Posted 8/15/2013 9:57 PM (GMT -7)
Hi...I usually hang out in the fibromyalgia forum, but I also have interstitial cystitis and have no one to talk to about it, so I read this forum. I sure hope you don't have IC. Does anyone on here know of any good IC forums that aren't so complicated? I've tried one or two but all the treatments they talk about are way above my head.
I was diagnosed with IC in 2011 and the pain is horrible. I have been trying to manage it by diet because the only urologist I have been to has the bedside manner of a frog and I refuse to go back to her.
My bladder and uterus and one ovary prolapsed when I was 29. My uterus was outside of my body and so I had a vaginal hysterectomy and one ovary was taken out. My bladder was also fixed (this was in 1986). Starting along about 1992 or 1993, I started having problems with urinary frequency, urgency, and pain. When we traveled and stopped at a convenience store, I would go to the bathroom as soon as we got there and right before we left, and I could have gone 3-4 more times while we were there. It was a miserable experience. I had other medical problems, so they took the front burner and after I got some of them sorted out, I finally went to a urologist and was diagnosed. I didn't think it was my bladder causing it because my OBGYN always said my bladder suspension looked okay when I had PAP smears done. Truthfully, I thought it was the fat on my stomach causing me to want to pee more and so I didn't take it that seriously.
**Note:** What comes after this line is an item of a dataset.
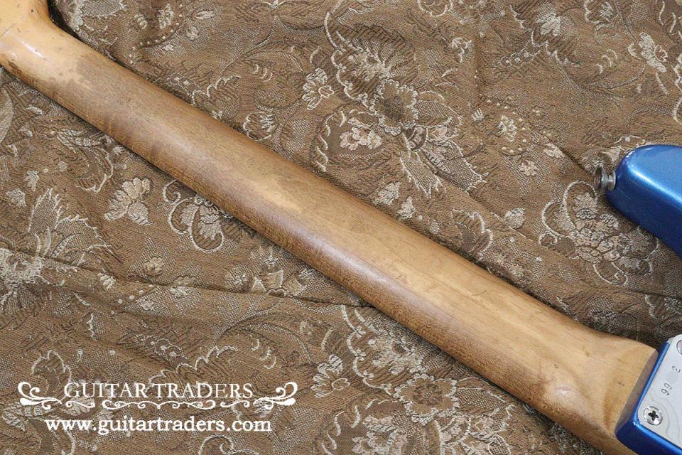 Naturally, the body has been refinished with nitrocellulose lacquer, and while the neck features some overspray of clear coat in places, the headstock decal is original, and the “2 AUG 62 B” stamp remains on the neck heel.

When she diagnosed me with IC, she gave me a pamphlet and told me to come back 5 more times to get medicine put into my bladder. That's it, nothing else. She left the room. I never saw her again unless it was as I was leaving the office. When I went back for medicine instillations, the nurse did them and asked me my pain level. They never explained anything. I'm hoping to find another doctor when I can afford the co-pays and gas money for the 4-hour round trip x probably 6 weekly instillations of medicine. (The urologist I saw doesn't allow her patients to instill their own medication.) And I also went to an OBGYN who said I DID need my bladder suspended again, but I'm not going to do that anytime soon because I'm afraid it will make the IC worse and I'll have to find a doctor who doesn't use mesh.
Hope you find out something soon and get treated properly.